The transaction will not have any tax consequences for ETRN shareholders that did not own any EQM common units.  ETRN shareholders will simply retain the ETRN common stock they currently own.

What tax documents will EQM common unitholders receive after the closing of the transaction? When should you expect to receive a Schedule K-1?

EQM unitholders: EQM unitholders will receive a final Schedule K-1 and supporting materials (expected to be delivered in March 2021). EQM unitholders should also receive a Form 1099-B from their broker or from EQM’s transfer agent.

ETRN shareholders: You will not receive any tax documents as a result of the transaction.

What is my tax basis in my new shares of ETRN, and what is my holding period for the shares?

A U.S. holder’s tax basis in any shares of ETRN common stock received in the transaction should equal the fair market value of such shares at the time the Merger became effective. Because the Merger closed on June 17, 2020, we intend to use $9.05, which was the closing share price of ETRN common stock on June 17, 2020, as the fair market value of each share of ETRN common stock received in the transaction.  A U.S. holder’s holding period for any shares of ETRN common stock received in the transaction began on June 18, 2020, the day after the Merger became effective.

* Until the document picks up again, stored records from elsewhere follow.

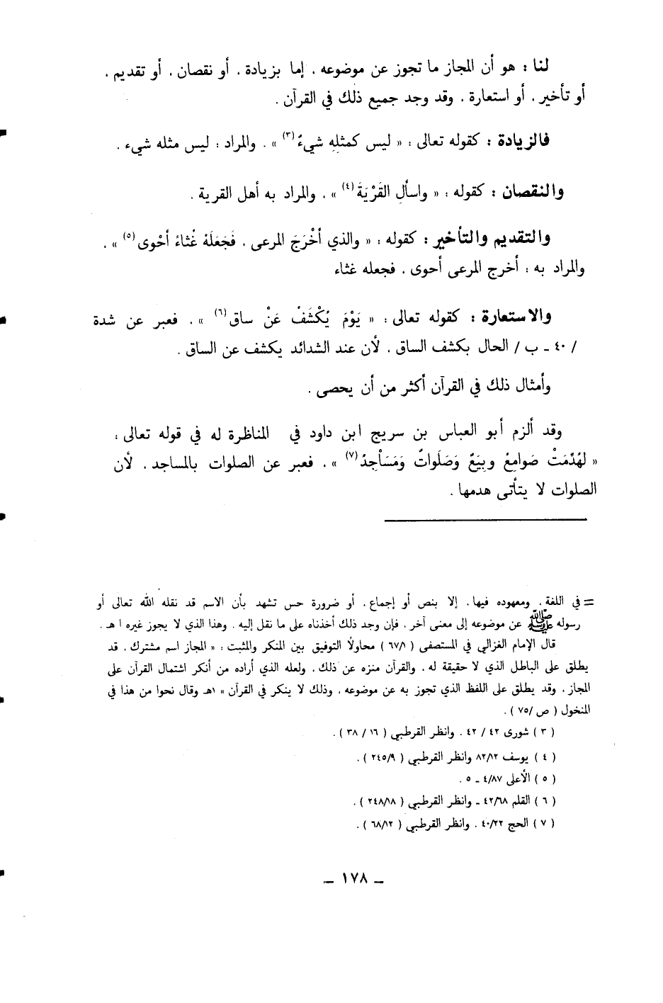 وَالنُّقْصَان كَقَوْلِه {واسأل الْقرْيَة} وَالْمرَاد بِهِ أهل الْقرْيَة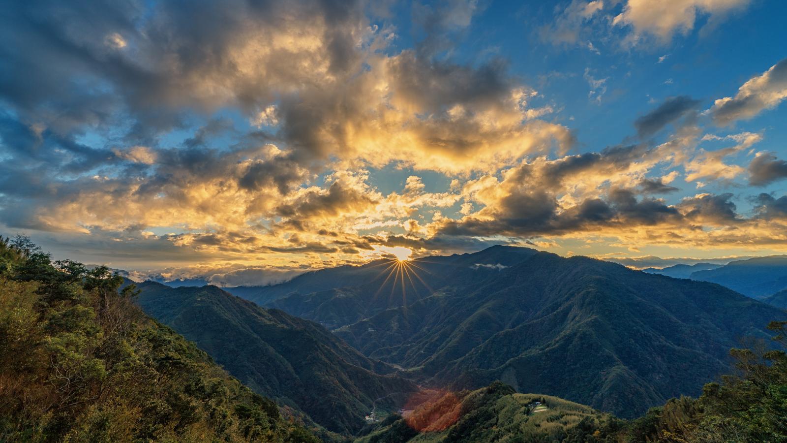 Wallpaper Dawn of the sun in the cloudy sky over the mountains
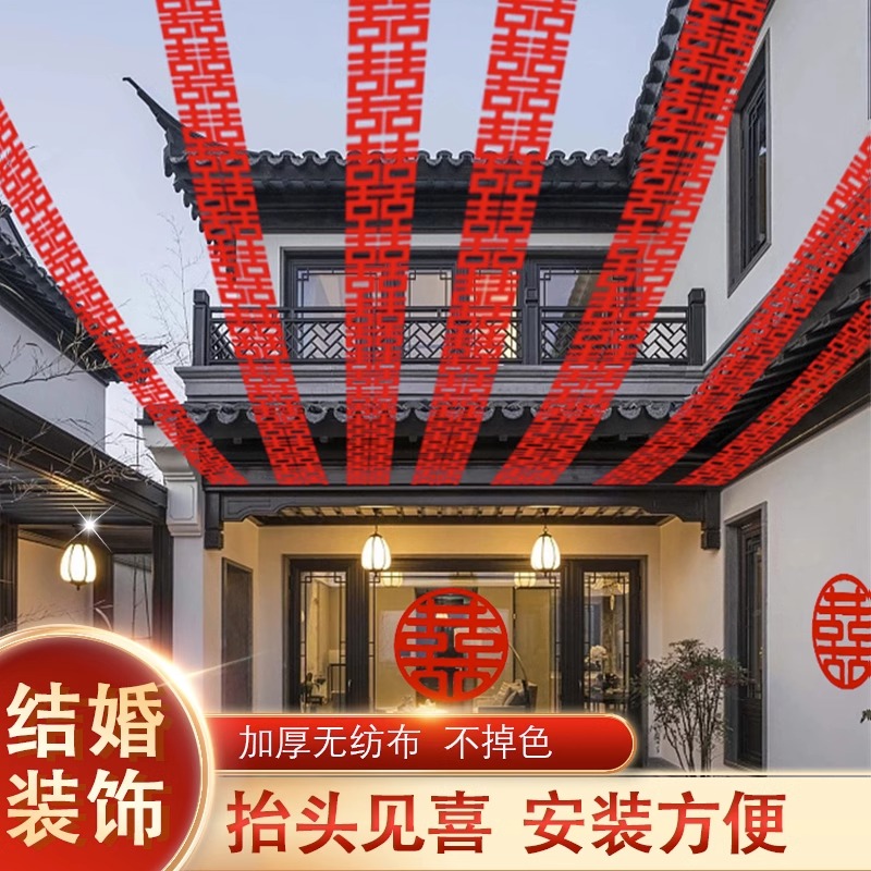 速发农村庭院婚礼外景布置婚庆室外长条喜字灯笼风车挂饰结婚院子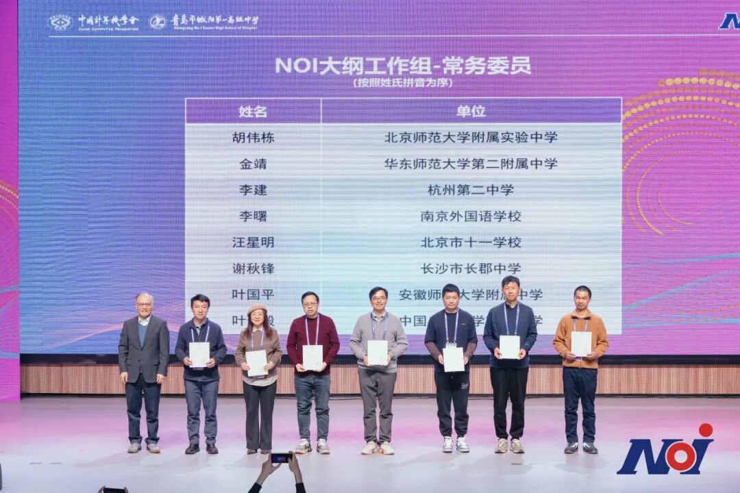在闭幕式上,NOI主席杜子德教授为NOI科学委员会大纲工作组的常务委员和委员颁发了聘书,并致谢参与大纲修订工作的所有老师,南外张超、李曙等三位教练上榜!
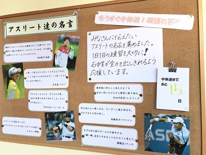 中体連まであと15日。保健室前の廊下の掲示板には、試合に臨む選手の皆さんの励みになるよう、アスリートの名言が掲示されています。一日一日を大切に、練習を頑張ってください。

Where do EQM common units trade after the Merger?

EQM common units are no longer publicly-traded following the Merger and were delisted from trading on the New York Stock Exchange on June 17, 2020.

What happens to future distributions with respect to EQM common units?

At the effective time of the Merger, all outstanding EQM common units were converted into the right to receive ETRN common stock at the exchange ratio and will no longer receive quarterly distributions from EQM. For a description of the differences between the rights of holders of ETRN common stock and holders of EQM common units, please read “Comparison of the Rights of ETRN Shareholders and EQM Common Unitholders” in EQM’s/ETRN’s joint proxy statement/prospectus.

What are the U.S. federal income tax consequences for an EQM common unitholder of the ownership of shares of ETRN common stock after the Merger was completed?

ETRN is classified as a corporation for U.S. federal income tax purposes and is subject to U.S. federal income tax on its taxable income. A distribution of cash by ETRN to a shareholder who is a U.S. Holder will generally be included in such U.S. Holder’s income as ordinary dividend income to the extent of ETRN’s current or accumulated “earnings and profits” as determined under U.S. federal income tax principles. Distributions of cash in excess of ETRN’s current and accumulated earnings and profits will be treated as a non-taxable return of capital reducing a U.S. Holder’s adjusted tax basis in such U.S. Holder’s ETRN common stock and, to the extent the distribution exceeds such U.S. Holder’s adjusted tax basis, as capital gain from the sale or exchange of such shares of ETRN common stock. See the section titled “United States Federal Income Tax Consequences” of EQM’s/ETRN’s joint proxy statement/prospectus for a more complete discussion of certain U.S. federal income tax consequences of owning and disposing of shares of ETRN common stock received in the Merger.

Will ETRN personnel be able to help with my tax-related questions?

ETRN personnel do not provide tax advice. If you have tax-related questions, please contact a tax advisor familiar with partnership taxation and specifically the taxation of Master Limited Partnership unitholders.

Will ETRN or EQM file Form 8937, Report of Organizational Actions Affecting Basis of Securities, as a result of this transaction?

No Form 8937 is required when an organizational action affects the basis of holders of security or holders of a class of the security. For this purpose, a security generally includes a share of stock in a corporation but not a unit in a partnership. The transaction is a taxable exchange of EQM common units for shares of ETRN common stock. An EQM common unitholder’s basis in their ETRN common stock received in the exchange is the fair market value of such stock at the time the Merger became effective. The basis of ETRN common stock in the hands of previous ETRN shareholders is unchanged; therefore, no Form 8937 is required.